Analysis of estimators for adaptive Kinetic Monte Carlo

TL;DR

This paper evaluates and compares estimators used in adaptive Kinetic Monte Carlo simulations, focusing on their mathematical properties and effectiveness in estimating reaction rates.

Contribution

It analyzes a recent stopping criterion based on reaction rate fraction and introduces a related criterion valid without the Eyring-Kramers law.

Findings

Both estimators have well-behaved mean square errors that decrease over time.

The reaction rate-based criterion is effective for adaptive KMC.

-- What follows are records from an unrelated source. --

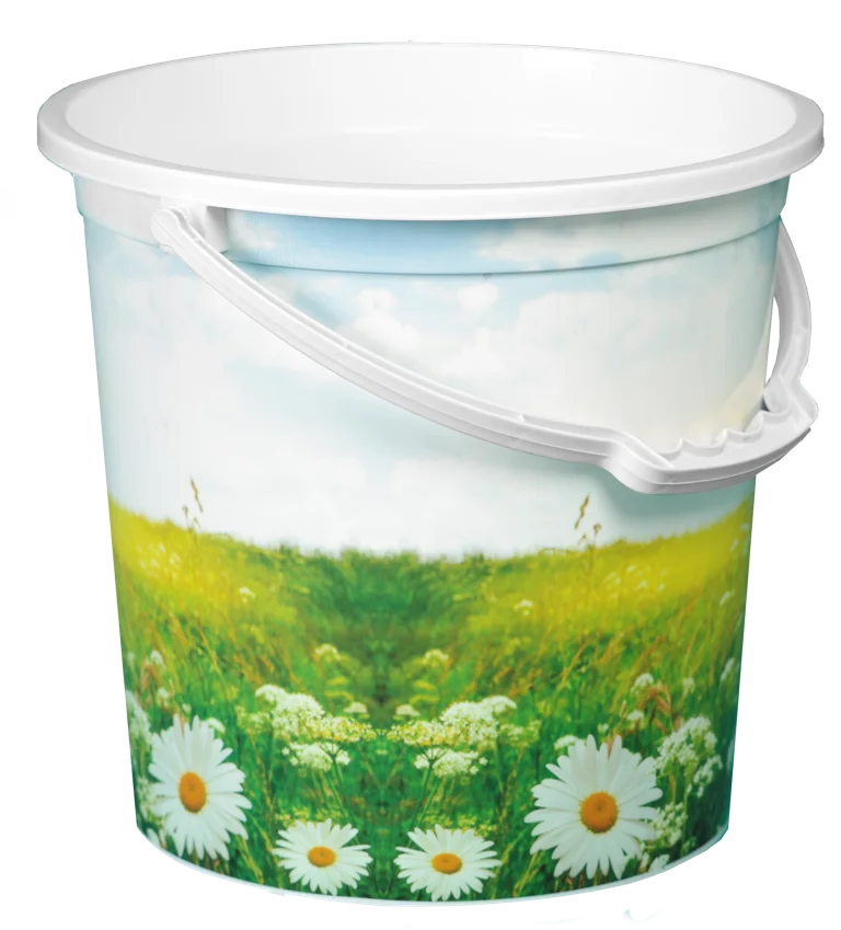 Прочное ведро с красивой яркой аппликацией.
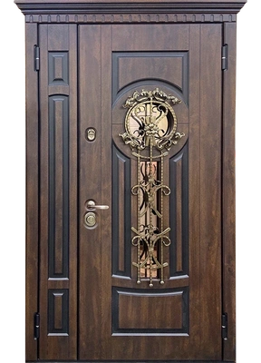 Полуторная дверь с ковкой и стеклом МДФ декоративный наличник Орех каньон уличная
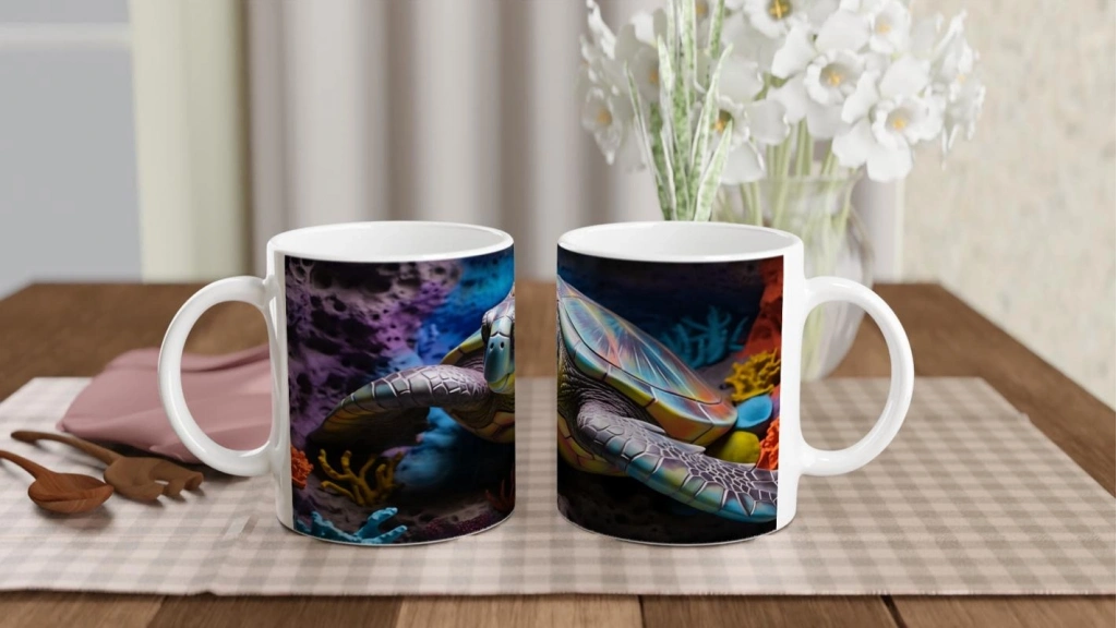 Canlı renk paletiyle göz kamaştıran bu kaplumbağalı kupa bardak, her yudumda su altı dünyasının enerjisini ve zarafetini hissettiriyor.
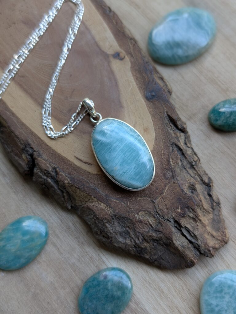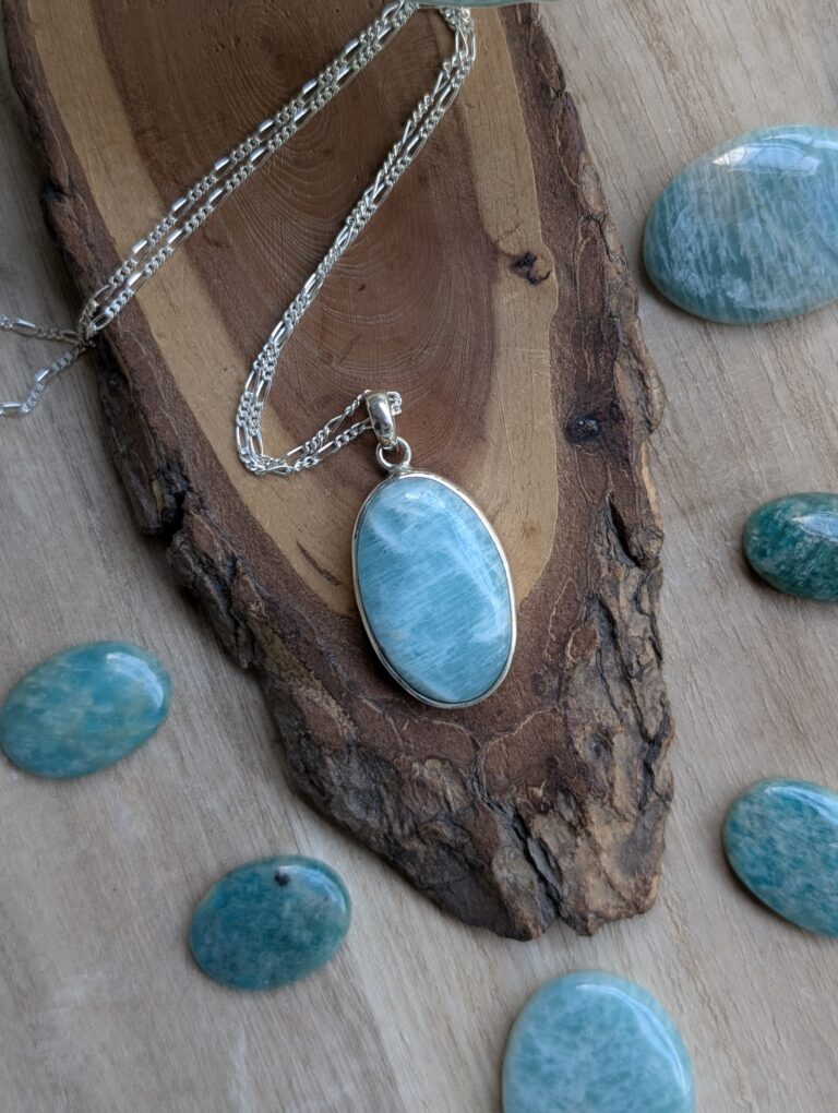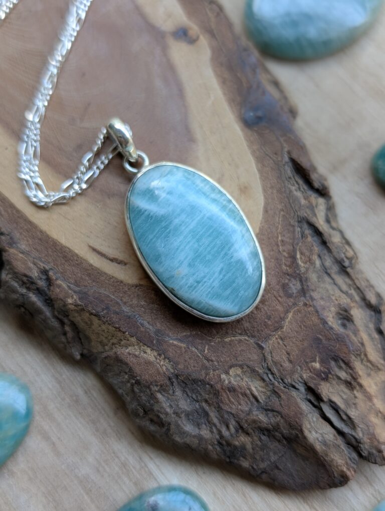 שרשרת בוהו שלמות! עשויה כסף 925 ואבן אמזונייט טבעית.
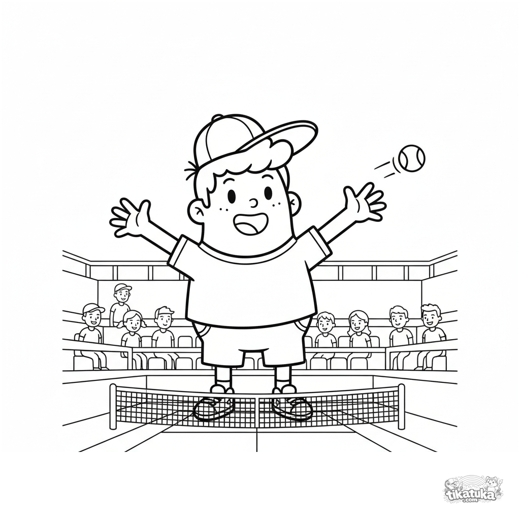 Página para colorir para crianças 4-6 anos: fã em jogo de tênis pega bola que voou para arquibancadas. Momento divertido com vista da quadra e rede.
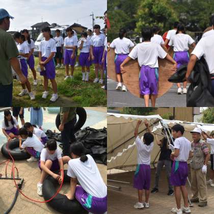 本日は明日の「水辺まつり」の準備のボランティアがありました。暑い中でしたが、チューブの空気入れやいかだの組み立て、テントの設営など意欲的に活動することができました。
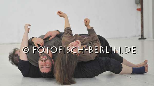 Ort: Sophiensaele. Premiere: 7.2.2013 Angela Schubot, Jared Gradinger, Aleesa Cohene Titel: LES PETITES MORTS_ALL MY HOLES ARE THEIRS Choreografie, Performance: Aleesa Cohene, Jared Gradinger, Angela Schubot. Musik: Tian Rotteveel. Licht: Andreas Harder. Im Bild: Angela Schubot, Jared Gradinger, Aleesa Cohene
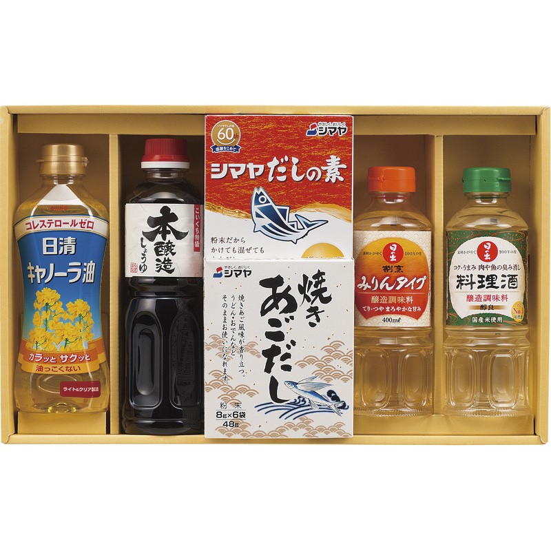 サンビシ本醸造しょうゆ(500ml)・日の出料理酒・日の出割烹みりんタイプ(各400ml)・日清キャノーラ油(350g)・シマヤだしの素粉末(10g×6袋)・シマヤ焼きあごだし(8g×6袋)×各1
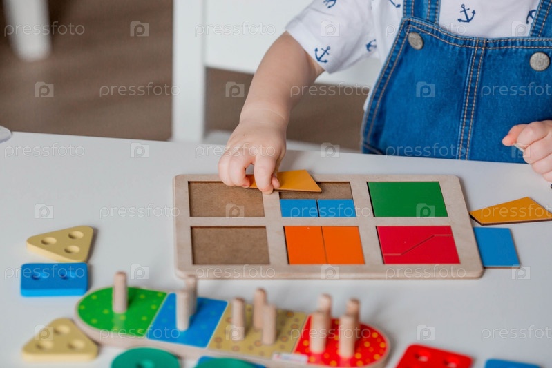 Маленький мальчик играет в обучающие логические игры. Детские деревянные игрушки. Сортировщик. Монтессори для развития ребенка
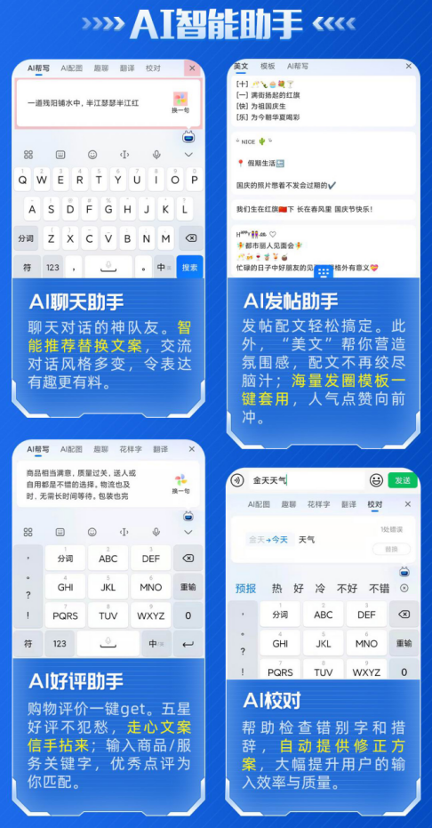 随着互联网发展和智能设备用户的个性化需求增多,讯飞输入法上线AI助手功能,创新承载情感化需求,主动为用户提供推荐文案和便捷服务,上线了AI聊天助手、AI发帖助手、AI好评助手、AI校对等功能,适配高频使用场景,深受广大用户喜爱。
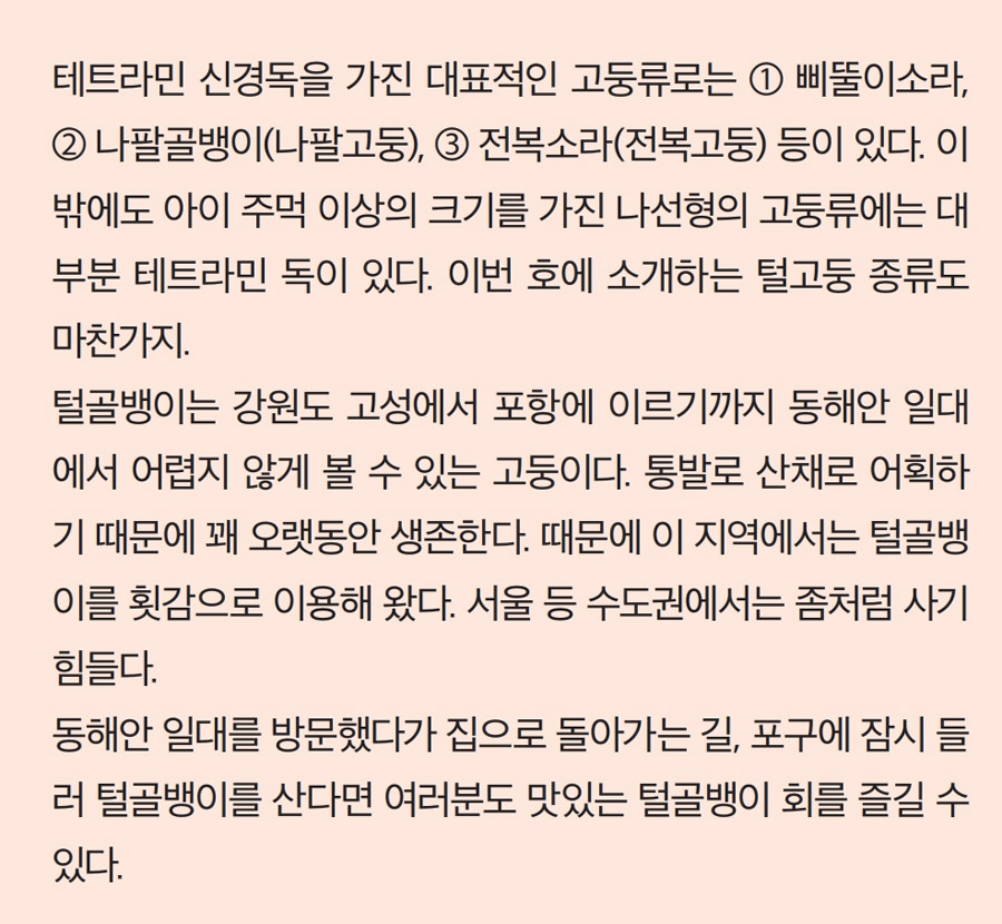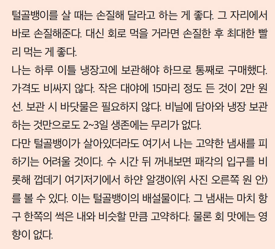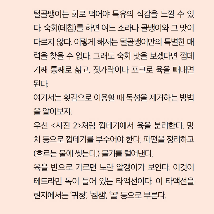 2) 꾼의 레시피 : 신경독만 제거하면 이보다 맛있는 골뱅이는 없다! "털골뱅이 회 & 회무침"
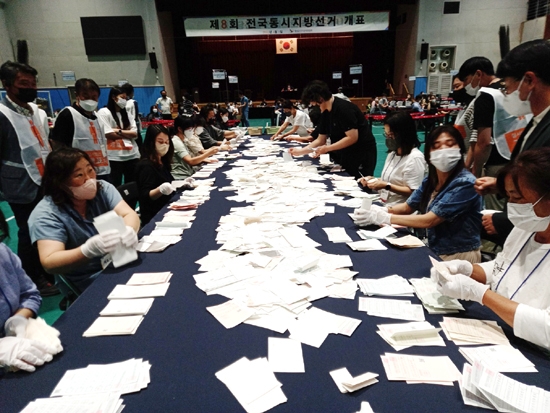 이번 개표는 지난 대통령선거와 달리 7장의 투표용지를 분류해야하고, 투표시간 연장 때문인지 개표 결과가 조금 늦어지기도 했으며 각 선거 캠프에서는 TV개표 방송을 지켜보면서 후보들의 득표수를 확인하는 등 긴박하고 분주한 모습이었다.
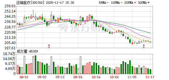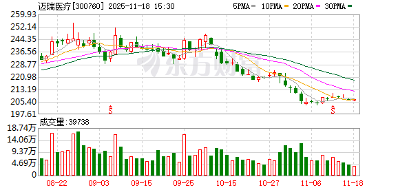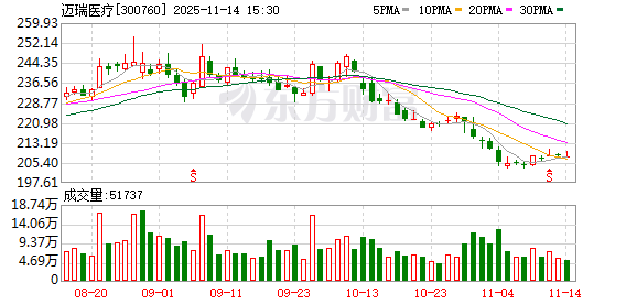 截至2025年11月14日收盘,迈瑞医疗(300760)报收于207.7元,下跌0.24%,换手率0.43%,成交量5.17万 手,成交额10.8亿元。 当日关注点 交易信息汇总资金流向 11月14日主力资金净流出646.51万元;游资资金净流入483.43万元;散户资金净流入163.08万元。 大宗交易 投资者: 联影医疗去年的研发投入占收入比为17%,国外如直觉外科为13.5%,世界排名第十的波士顿 科学为11%,其它友商基本都在10%以上,公司做为医疗高科技领域的追赶者,想要5年内冲进世界前 十,困难重重,不加大研发投入是根本不可能的,目前10%左右的研发投入是否太少了,公司是有进一 步加大研发投入的计划? 董秘: 您好,谢谢关注。迈瑞是全球领先、创新驱动的世界级医疗器械企业及医疗数智化引领者。我 们始终坚持以研发创新为核心驱动力,持续加大投入,依托深厚的技术实力以及对临床需求的深刻洞 察,不断引领并推出契合市场的前沿产品。公司坚持研发高投入,即使在营收规模快速增长的情况下, 依然坚持将每年营收的约10%投入研发,研发投入比例和规模均在医疗器械企业中处于领先地位。截至 2025年三季度末,公司自2018 ...
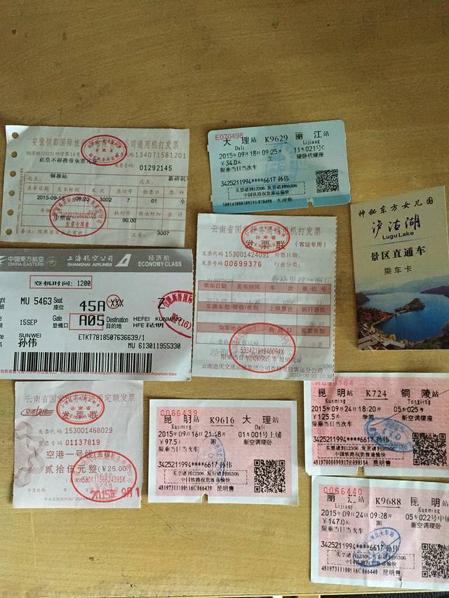 9月24:丽江——昆明,昆明火车站——铜陵火车站
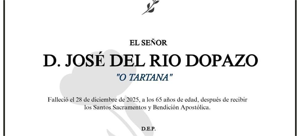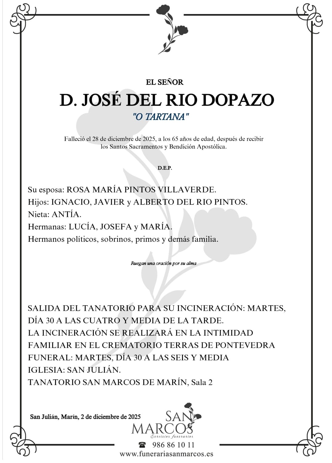 La funeraria SAN MARCOS comunica el fallecimiento ayer día 28 de diciembre, de Don JOSÉ DEL RÍO DOPAZO cuyos restos mortales permanecerán en el tanatorio San Marcos de Marín, sala número 2, hasta el momento de su traslado, MAÑANA MARTES, día 30 a las CUATRO Y MEDIA de la tarde para su incineración en el crematorio “Terras de Pontevedra” en la intimidad familiar.
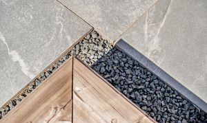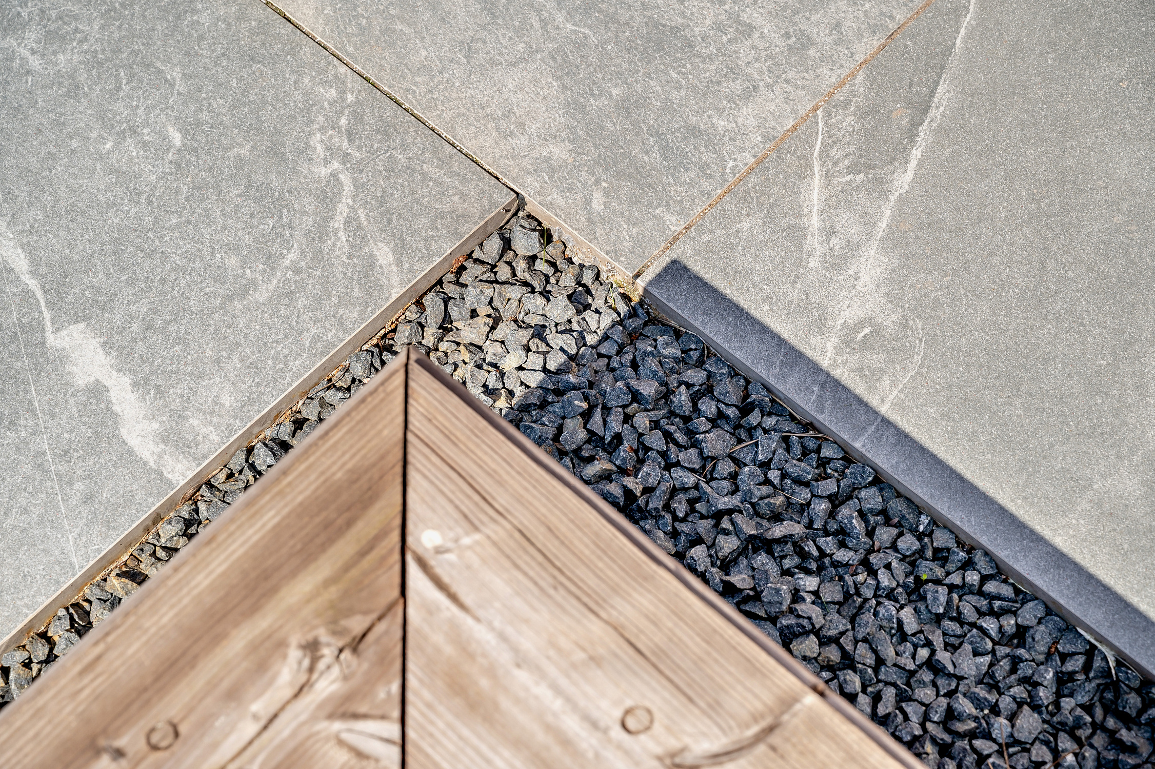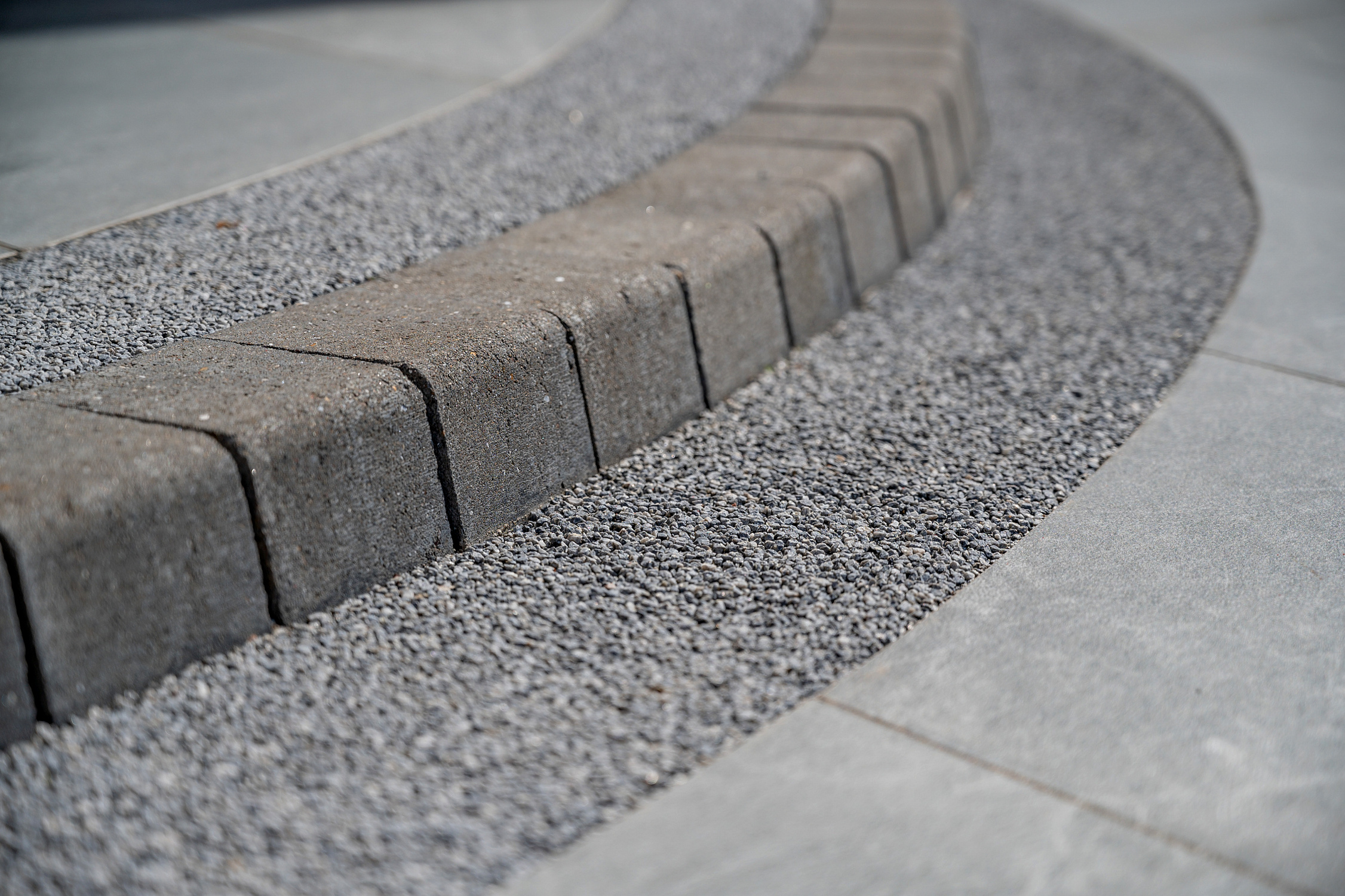 - Elegant external landscaping featuring porcelain terraces with resin‑set gravel edging, curved steps and integrated lighting

Mathematical analysis confirms the estimators' reliability.

Abstract

Adaptive Kinetic Monte Carlo combines the simplicity of Kinetic Monte Carlo (KMC) with a Molecular Dynamics (MD) based saddle point search algorithm in order to simulate metastable systems. Key to making Adaptive KMC effective is a stopping criterion for the saddle point search. In this work, we examine a recent criterion, due to S. Chill and G. Henkelman, that is based on the fraction of total reaction rate found instead of the fraction of observed saddles. The criterion uses the Eyring-Kramers law to estimate the reaction rate at the MD search temperature. We also consider a related criterion that remains valid when the Eyring-Kramers law is not. We examine the mathematical properties of both estimators and prove their mean square errors are well behaved, vanishing as the simulation continues to run.